La notion d’« objectalité » est antérieure et sous-jacente à celle d'« objectivité ». Elle n'est pas le corrélat d'une subjectivité transcendantale, mais plutôt le corrélat d’un "pathos de coupure", précise Lacan, en ce point où le formalisme logique, au sens kantien, rejoint un effet méconnu déjà présent dans la Critique de la raison pure, à savoir que le formalisme reste pétri de causalité, suspendu à une justification qu’aucun a priori ne peut réduire. La fonction de la cause demeure partout irréductible et insaisissable dans le champ de la critique. Une partie perdue de nous-même, coincée dans la machine formelle, constitue le support authentique de toute fonction de la cause. Cet objet perdu, cause du désir, voire par métaphore cet objet de désir que nous "sommes" pour l'autre, reste un morceau charnel quand bien même les mots prétendent viser quelque chose de plus spirituel. (Notons que si toutes les parties du corps trouvent place dans ces usages métaphoriques, l’organe sexuel masculin en est curieusement absent : ce qui connote directement le phallus y est marqué du signe -.)

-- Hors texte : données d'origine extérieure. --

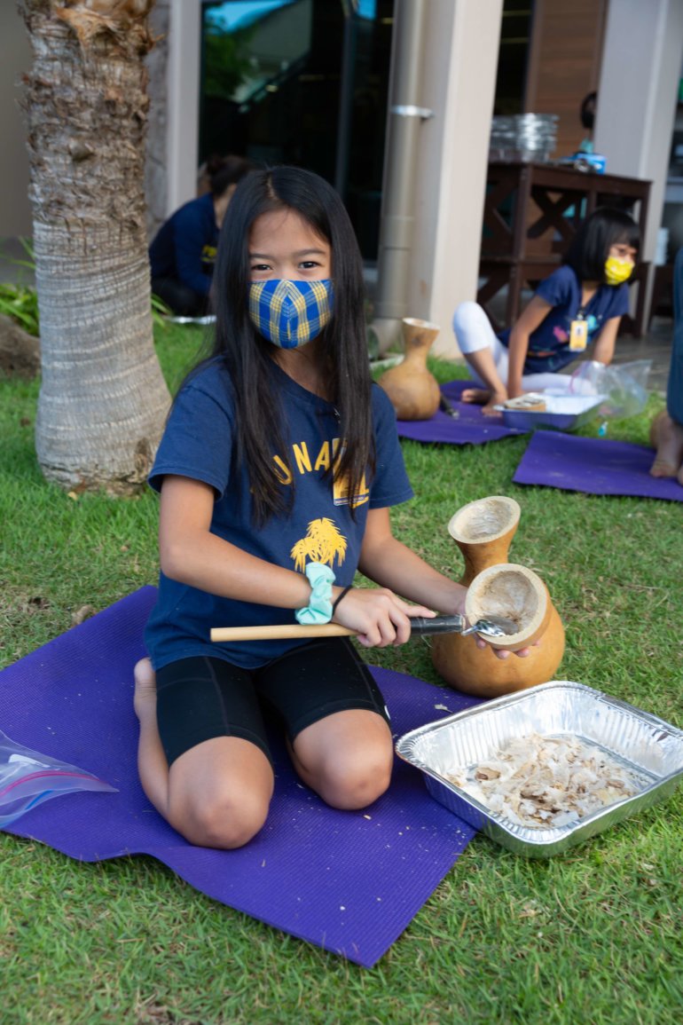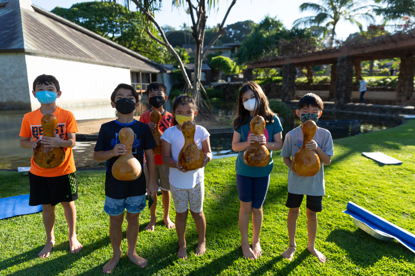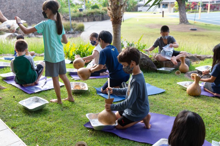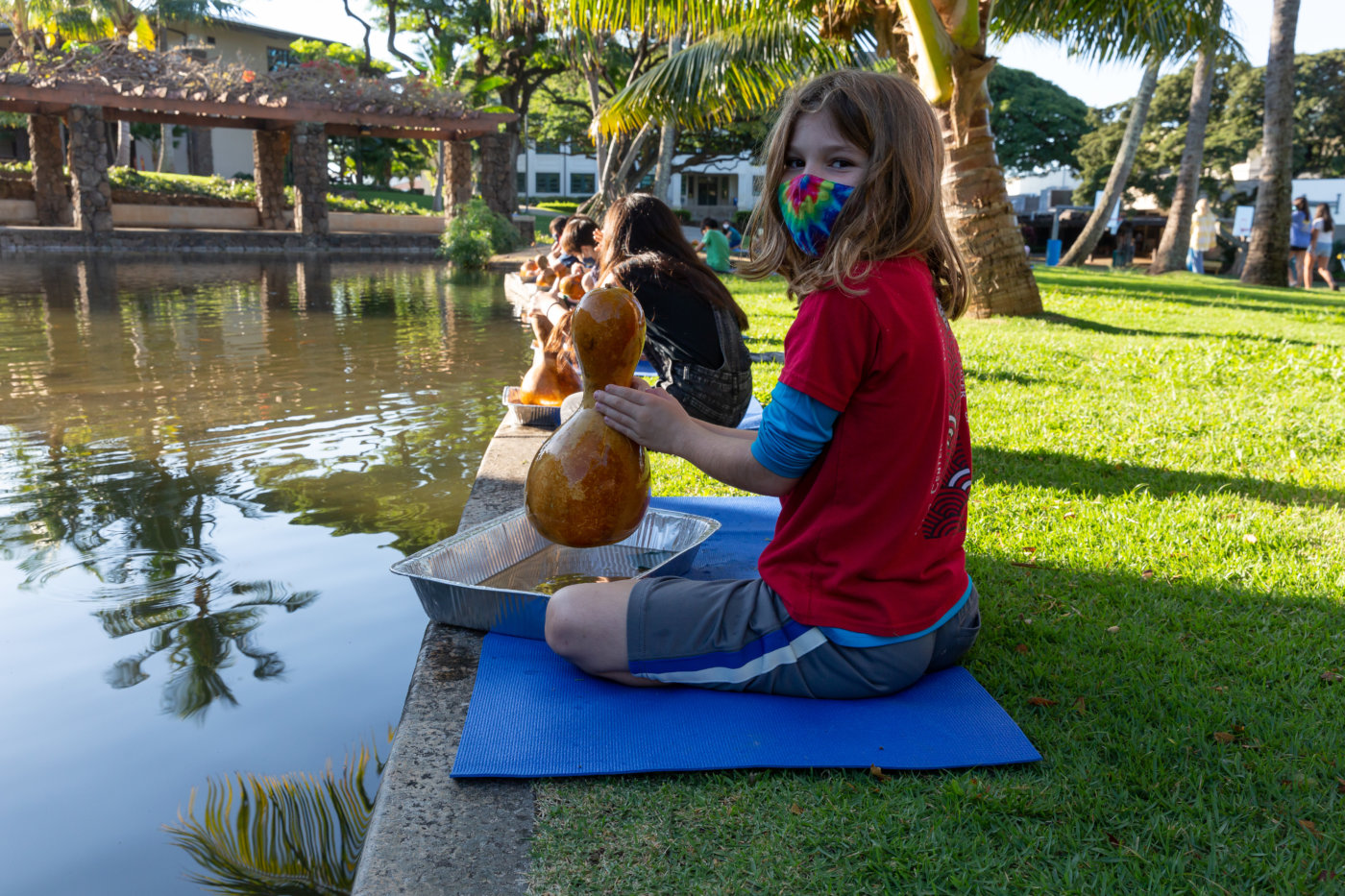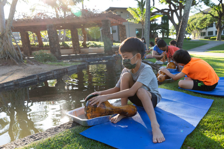 Third graders in Luana Yee’s class polished their ipu at the Lily Pond. Other third graders cleaned out the inside of their gourds outside the classroom. Students are prepping their instruments for May Day hula and mele, and as part of the third grade focus on Hawaiian studies.
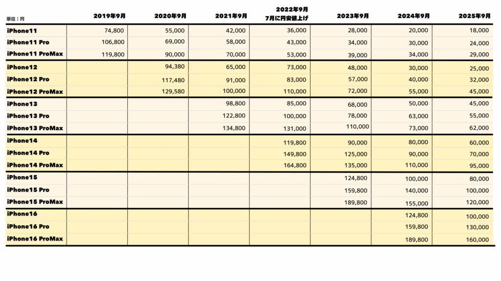 OSアップデートが提供されているiPhone11からiPhone16までの各シリーズの中古価格の推移の目安です。

"Le morceau charnel comme tel, à nous-mêmes arraché, c’est ce morceau en tant que c’est lui qui circule dans le formalisme logique tel qu’il se dégage par notre travail de l’usage du signifiant, c’est cette part de nous-même prise dans la machine, à jamais irrécupérable, cet objet comme perdu aux différents niveaux de l’expérience corporelle où se produit sa coupure, c’est lui qui est le support, le substrat authentique de toute fonction comme telle de la cause... Cette part de nous-mêmes, cette part corporelle est donc essentiellement et par fonction, partielle. Bien sûr, il convient de rappeler qu’elle est corps : que nous ne sommes objectaux - ce qui veut dire objet du désir - que comme corps. Point essentiel à rappeler, puisque c’est l’un des champs créateurs de la dénégation que de faire appel à quelque chose d’autre, à quelque substitut. C’est ce qui pourtant reste toujours et au dernier terme, désir du corps, désir du corps de l’autre, et rien que désir de son corps."